# First fish tank



## lyle (Oct 18, 2011)

Here's a picture of my Male CT Lyle. This is my first fish/aquarium. It's a Marina Cubus with some top fin mini decorative plants. I bought the mini plants just today. I had another red plant in there with silk leaves but decided to change it because while altering, i cut some plastic and accidentally exposed some metal. These plants make the tank "pop". Also I noticed that my fish immediately found some hiding places he didn't have before and I think he's happy about that. I wasn't able to watch him eat today as I always feed him after I change the tank water to make sure he still has his appetite. Hopefully these changes are ok for him. The setup is completely newb I know. Eventually I would like to get some bigger tank, proper equipment.


----------



## ShyDog (Oct 15, 2011)

absolutely beautiful betta there :3


----------



## Micho (Aug 22, 2011)

Aren't those Marina cubes only 0.5 gallons? Glad to see that you're upgrading him to a bigger tank with a heater and a filter right away, 0.5 gallons makes a good QT tank? 

Anyways welcome to the forums~


----------



## lyle (Oct 18, 2011)

Micho said:


> Aren't those Marina cubes only 0.5 gallons? Glad to see that you're upgrading him to a bigger tank with a heater and a filter right away, 0.5 gallons makes a good QT tank?
> 
> Anyways welcome to the forums~



I don't know how soon I will get the rest of the equipment. This will have to suffice for now. And the cubus' are actually .9 gallons.


----------



## metalbetta (May 17, 2010)

I hate how companies come out with these super neat tanks, but they end up being too small! It's really cute, but I'm sure your little guy would appreciate a little more room to swim when he gets older!


----------



## BellasMomma (Oct 8, 2011)

Hes super cute! and im sure hes happier in this tank then his cup from the pet store! ;-)


----------



## Micho (Aug 22, 2011)

I dunno Fluval makes pretty wicked tanks and they're big enough for a Betta. I would still recommend upgrading him though~ But if you have to stick with that tank a heater and clean water should be just fine for him.


----------



## lyle (Oct 18, 2011)

Thanks for all your kind words and suggestions! I really appreciate it.
I guess I'm finding out and starting to feel the same sentiments about the big chain stores (ie Petsmart) and their less than knowledgeable staff. I actually picked up lyle on a whim after taking some fish that were left at my job (still in their plastic bag) due to an event nearby where the local fish store was giving away goldfish. I was seriously considering getting a fish at the time, so I figured this random event was a sign. So I went to petsmart to find out what I needed.
Anyways long story short, I was told that Betta's were easy to take care of blah blah blah. It's not until after I got him, (and after doing my research) did I find out that they require alot more care. So now I'm here. I definately want to keep him beautiful and for a long while.
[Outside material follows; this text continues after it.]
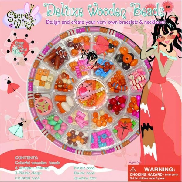Deluxe Wooden Beads to olbrzymi zestaw kolorowych drewnianych koralików i ozdób wraz z akcesoriami w plastikowej szkatułce. Należy on do serii Secret Wings, która robi furorę wśród dzieci na całym świecie, z powodu postaci pięciu wróżek: Tansy, Poppy, Ivy, Honey i Lily.

Quick question, do I have to cycle a 2.5gallon tank? From what I gather I can get away with water changes. Also, what is a decent heater for 2.5 gal? I have been reading too many mixed reviews to make a decision. Something from Petsmart's selection (top fin, marina). Thanks for your time, patience, and knowledge!


----------



## Foisair (Aug 3, 2011)

That was my first tank too. You will need to be doing 100% water changes every other to every few days or so. This will probably cause your fish a lot of stress but will be needed to keep his water clean enough. Also, when I recently had Beast in it for a salt treatment, I found that my Elite 25w adjustable heater fit at an angle along the back and worked well. The chord made the lid stick up in the back a little. A 25w adjustable will be good for future tanks when you choose to upgrade up to 5gal I believe. 
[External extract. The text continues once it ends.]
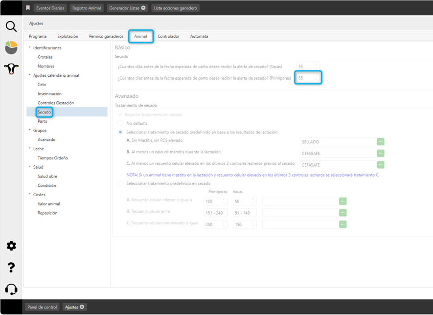 En ocasiones, el periodo de secado en vacas primíparas desea realizarse antes que en vacas de lactaciones superiores. En el programa es posible configurar un periodo de secado diferente para las vacas de 1ª lactación y para las vacas que están en 2ª lactación o superiores. Puedes hacerlo de la siguiente manera:

Anything under 5gal is too small to cycle. It may try but will most likely crash or go into mini cycles. 2.5gal is a good size for one betta. That is Beast's perminent home here on my desk. ^_^


----------



## lyle (Oct 18, 2011)

I didn't want to start a completely new thread because it's pointless since this way you guys could see the progress I made. I know it's been a few months, I've been a little busy. But just today, after spending all that time in his .9 gallon marina cubus (closet), he's finally moved into his 2.5 gallon top fin tank (bachelor). Ammenities include heat, more space, hiding places, fine black and blue gravel floor, o and did I mention heat? :-D Yes I finally decided to get him what he needs and deserves. I guess it could be a christmas/new years present 

The heater is a Aqueon 10 w mini heater. They didn't have the thermometer I wanted so I will have to pick one up elsewhere tomorrow before work, and then put it in after work. But it's been working so far and he's swimming in the warmest water he's ever been swimming in. The heater took a while to heat the water so I believe it was gradual enough for Lyle. 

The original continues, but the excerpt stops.